Forget about Manohla’s pan (seriously: has she just been watching too much Behind the Music?): go read this story on AJ Schnack’s Kurt Cobain: About a Son in the Village Voice, and then, if you have the means, go see the film tonight in New York or this weekend in L.A. To quote the inimitable Camille Dodero:
If Cobain’s death is the 9/11 of the modern-rock canon—an epochal tragedy that recklessly opportunistic minds have flattened into a sad, one-dimensional cartoon—then Gus van Sant’s tedious and arrogant Last Days is the World Trade Center of the posthumous Kurt industry: a fictionalized piece of shit by a big-name director. (And Nick Broomfield’s Kurt & Courtney is the Fahrenheit 9/11.) [...] Here Kurt Cobain, the supernatural songwriting god who discovered that the only true fountain of youth is death, is transmogrified into a mere mortal. This is About a Son’s singular objective, and real accomplishment.
We’ll have more on About a Son on Friday’s episode of FilmCouch. Suffice it to say, we’re fans.
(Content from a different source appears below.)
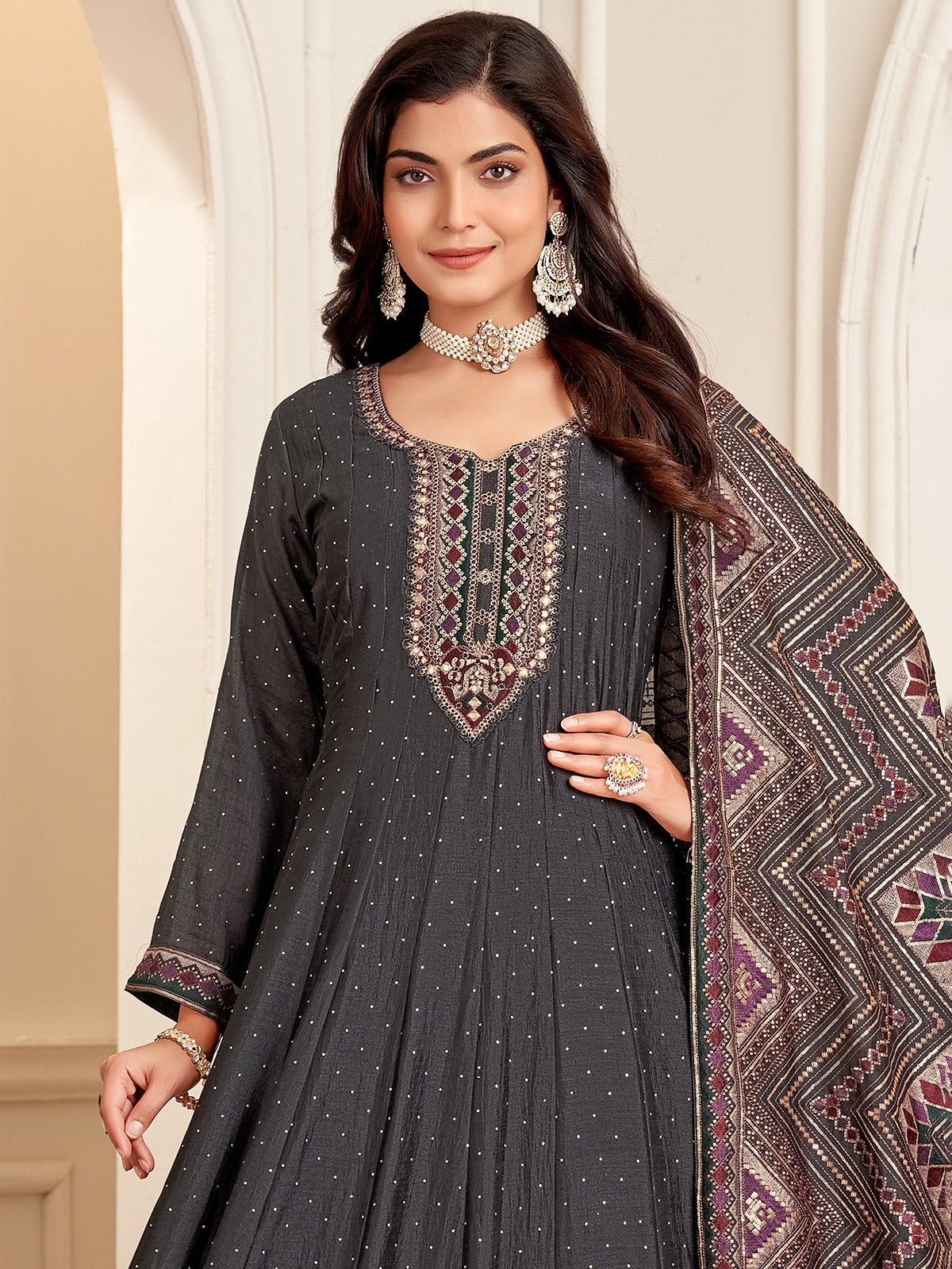 A regal charcoal black silk Anarkali graced with embroidery, sequins, aabla, and stone embellishments. Paired with a flowing dupatta, this sweetheart-neck, full-sleeved ensemble radiates timeless elegance, making it a perfect pick for weddings and festive occasions.

I loved About a Son when I saw it at Full Frame. It’s one of the more memorable movies I’ve seen in some time and one of the better music docs I’ve seen in ages.
Dargis completely misses the point on this one. The audio interviews of Cobain humanize him, and the subtle meditation on place–Cobain’s experiences in Aberdeen, Olympia, and Seattle–is particularly powerful.